**What you should do**
Please keep the images out and set down the data exactly as given.

**Excerpted records**
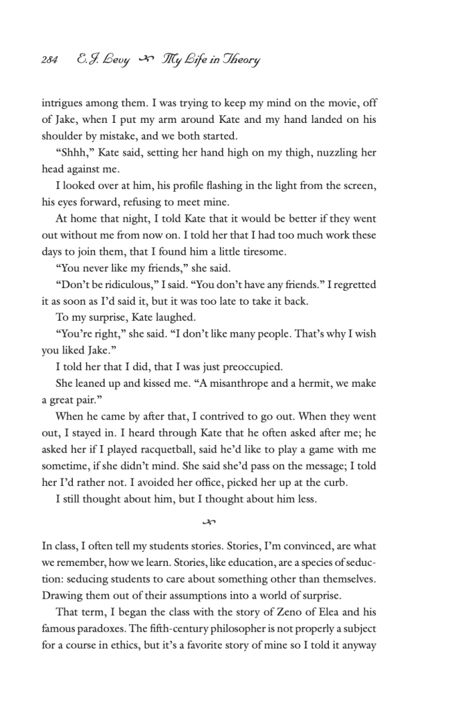“My Life in Theory,” is the story of a philosophy professor whose long-term relationship is challenged when the narrator finds herself drawn to her partner’s new friend. Using philosophy as a framework for understanding, Levy’s excavation into the narrator’s relationships goes deep into love and loss, examining desire:
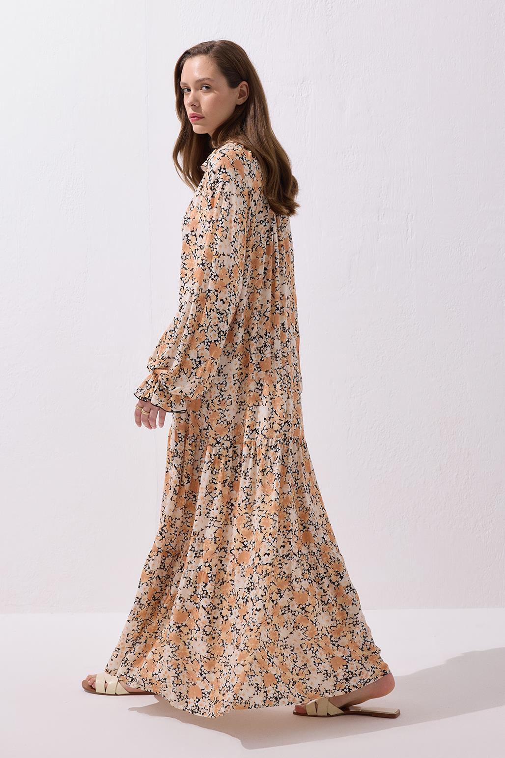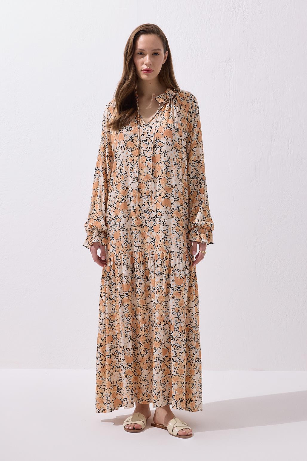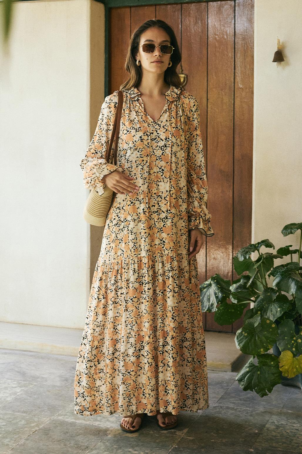 فستان ديان الفيسكوز الطويل المموج باللون البرتقالي الناعم
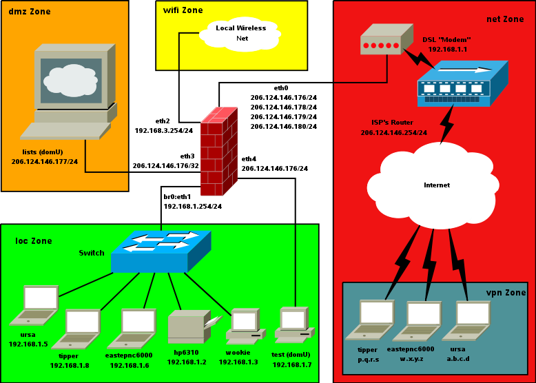 In Dom0, I run a conventional three-interface firewall with Proxy ARP DMZ -- it is very similar to the firewall described in the Shorewall Setup Guide with the exception that I've added a fourth interface for our wireless network. The firewall runs a routed OpenVPN server to provide road warrior access for our three laptops and a bridged OpenVPN server for the wireless network in our home. Here is the firewall's view of the network:
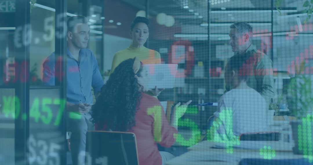 Team Analyzing Financial Data Overlays in Modern Workplace Video
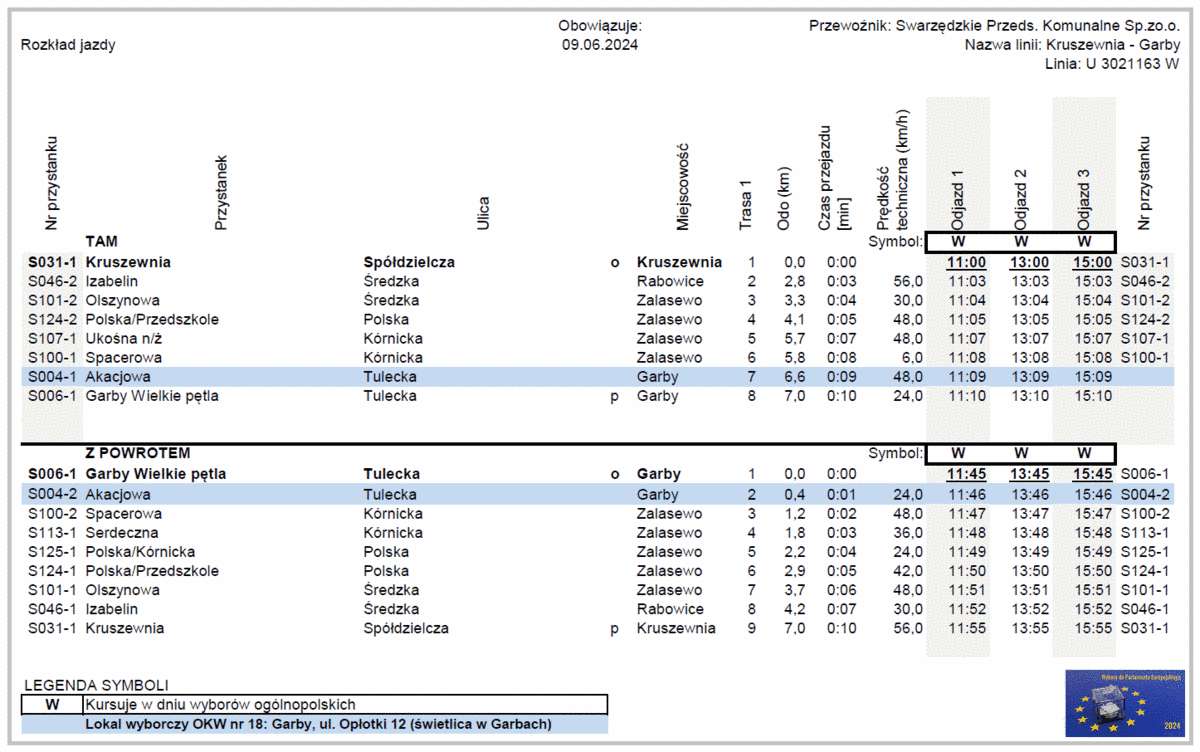 Jak informuje także swarzędzki ratusz, w związku z brakiem połączenia autobusowego między Kruszewnią, a siedzibą Obwodowej Komisji Wyborczej właściwą dla jej mieszkańców (Garby, ul. Opłotki 12), uruchomiona zostanie specjalna linia autobusowa kursujące zgodnie z załączonym rozkładem jazdy.
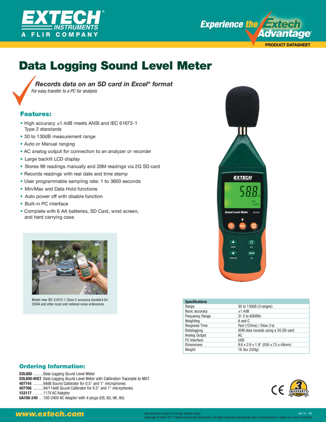 SDL600-ISO Decybelomierz Extech SDL600, 30 - 130 dB, 31.5 Hz - 8000 Hz, Kalibracja (IS...
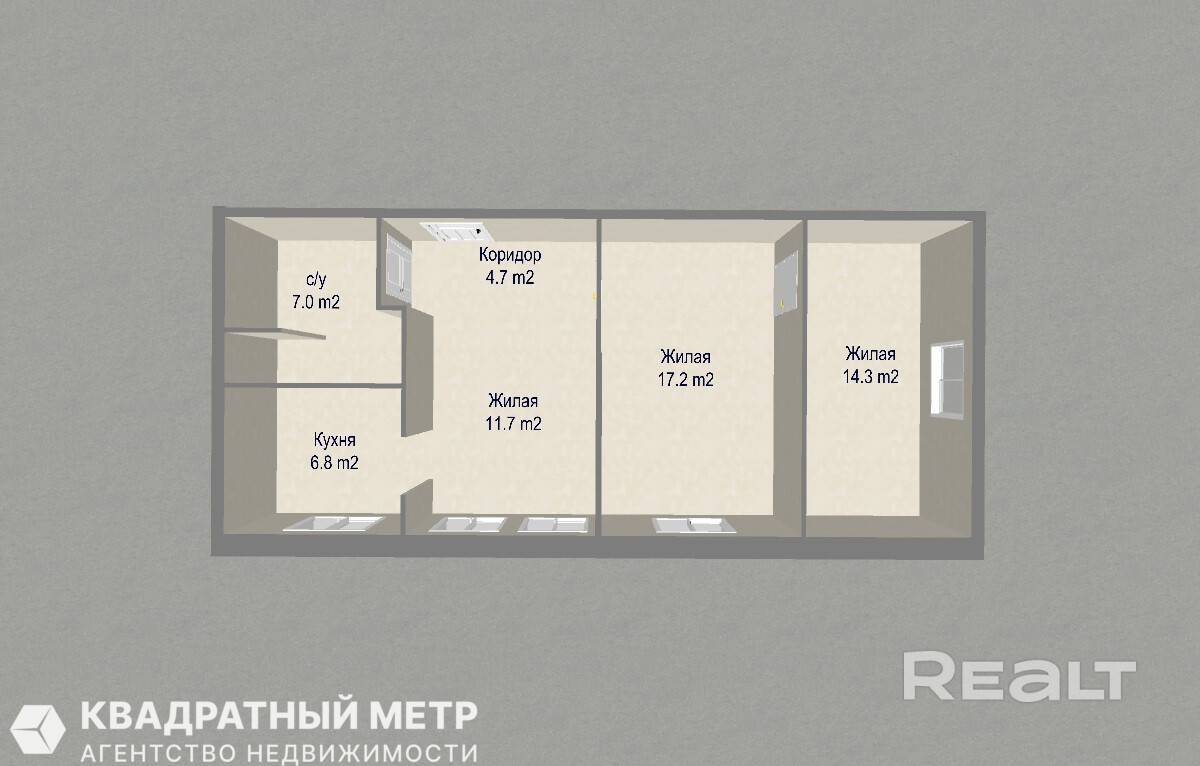 • Простор и планировка: Общая площадь 61.7 м2, жилая — 43.2 м2. Большие комнаты, высокие потолки — здесь легко дышится и комфортно живётся.
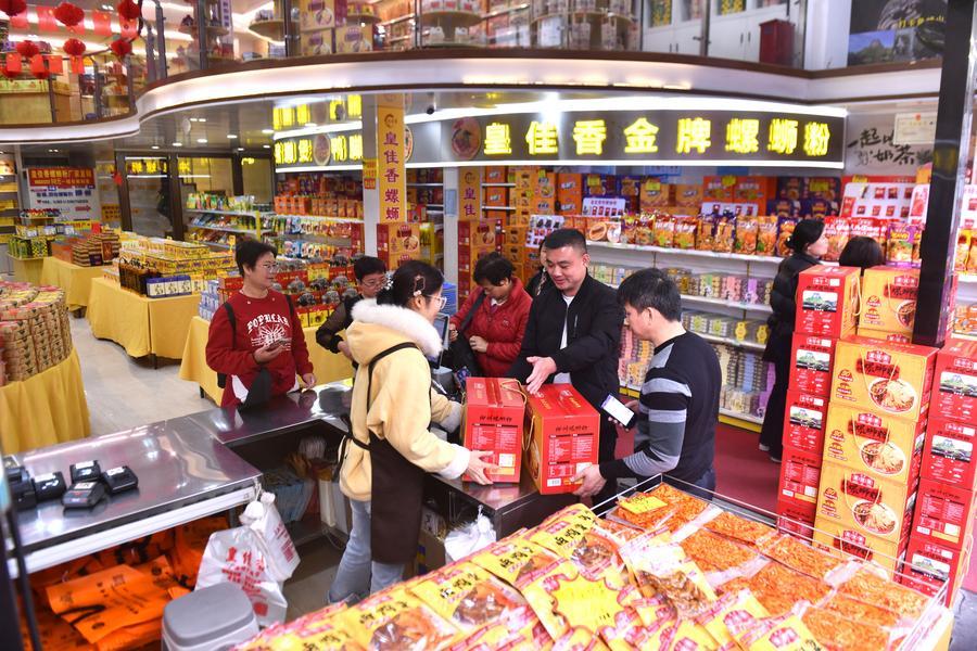 柳州市青雲民生市場のスーパーで、タニシビーフンを買い求める人たち。(3月10日撮影、柳州=新華社記者/黄孝邦)
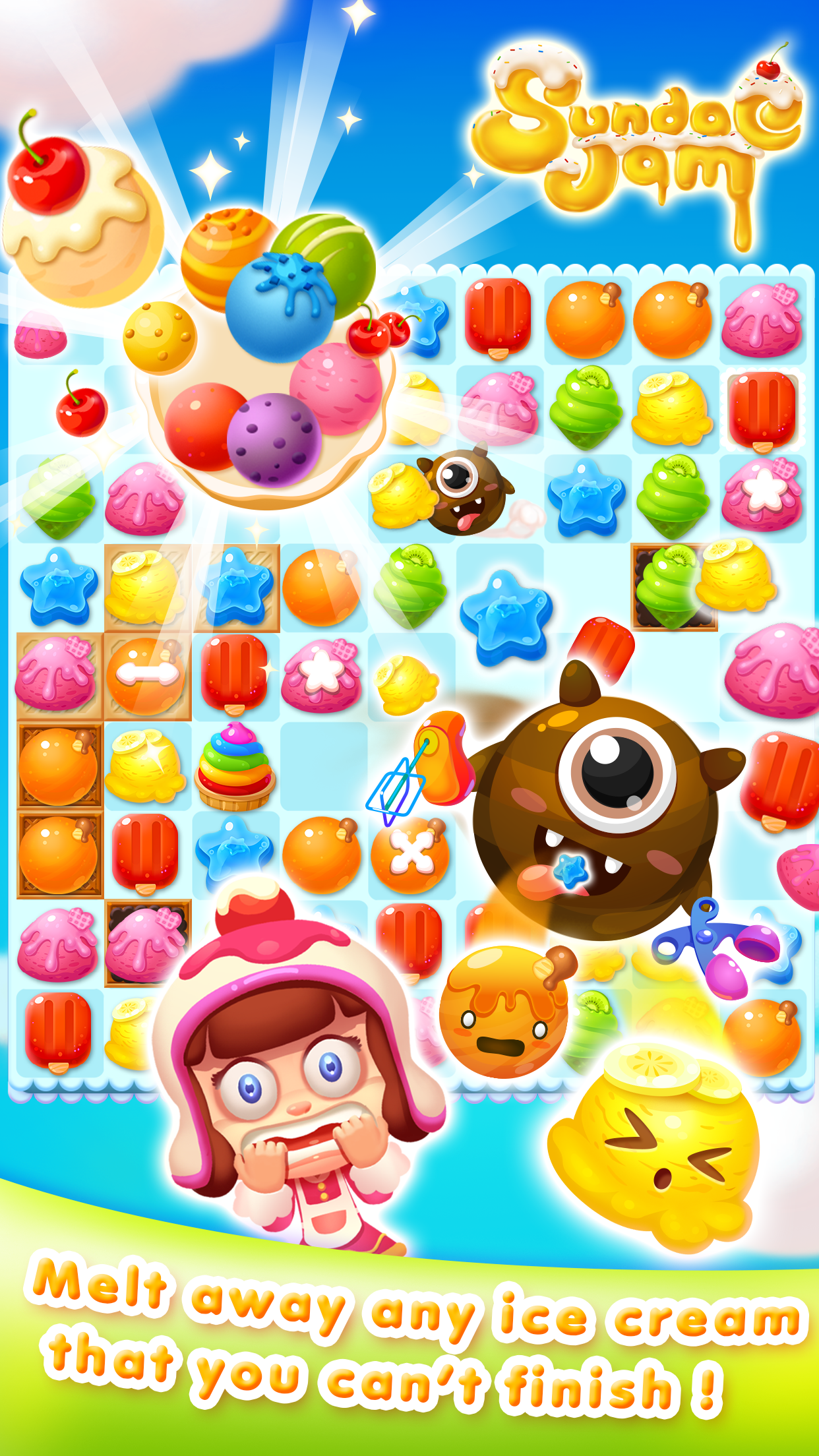 Explore all kinds of magical islands that are full of cool and refreshing ice cream. Delicious! Join us on our awesome journey. Hundreds of meticulously designed levels that’ll give you an experience you’ll never forget. Lots of ways to match ice creams, as well as really useful boosts to help you progress through the game. Beautiful islands, cute characters, a unique level unlocking system, all in Sundae Jam! A game that’s easy to master with great rewards for completing levels, you won’t be able to put it down! What are you waiting for? Get started on your Sundae Jam journey today!
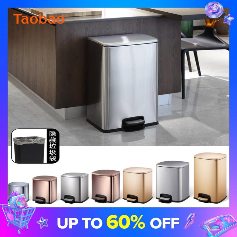 Stainless Steel Trash Can Step-on Kitchen Bathroom Creative Fashion Home Living Room Toilet Bedroom Square Step-on

**Response area**
“My Life in Theory,” is the story of a philosophy professor whose long-term relationship is challenged when the narrator finds herself drawn to her partner’s new friend. Using philosophy as a framework for understanding, Levy’s excavation into the narrator’s relationships goes deep into love and loss, examining desire:
 فستان ديان الفيسكوز الطويل المموج باللون البرتقالي الناعم
 In Dom0, I run a conventional three-interface firewall with Proxy ARP DMZ -- it is very similar to the firewall described in the Shorewall Setup Guide with the exception that I've added a fourth interface for our wireless network. The firewall runs a routed OpenVPN server to provide road warrior access for our three laptops and a bridged OpenVPN server for the wireless network in our home. Here is the firewall's view of the network:
 Team Analyzing Financial Data Overlays in Modern Workplace Video
 Jak informuje także swarzędzki ratusz, w związku z brakiem połączenia autobusowego między Kruszewnią, a siedzibą Obwodowej Komisji Wyborczej właściwą dla jej mieszkańców (Garby, ul. Opłotki 12), uruchomiona zostanie specjalna linia autobusowa kursujące zgodnie z załączonym rozkładem jazdy.
 SDL600-ISO Decybelomierz Extech SDL600, 30 - 130 dB, 31.5 Hz - 8000 Hz, Kalibracja (IS...
 • Простор и планировка: Общая площадь 61.7 м2, жилая — 43.2 м2. Большие комнаты, высокие потолки — здесь легко дышится и комфортно живётся.
 柳州市青雲民生市場のスーパーで、タニシビーフンを買い求める人たち。(3月10日撮影、柳州=新華社記者/黄孝邦)
 Explore all kinds of magical islands that are full of cool and refreshing ice cream. Delicious! Join us on our awesome journey. Hundreds of meticulously designed levels that’ll give you an experience you’ll never forget. Lots of ways to match ice creams, as well as really useful boosts to help you progress through the game. Beautiful islands, cute characters, a unique level unlocking system, all in Sundae Jam! A game that’s easy to master with great rewards for completing levels, you won’t be able to put it down! What are you waiting for? Get started on your Sundae Jam journey today!
 Stainless Steel Trash Can Step-on Kitchen Bathroom Creative Fashion Home Living Room Toilet Bedroom Square Step-on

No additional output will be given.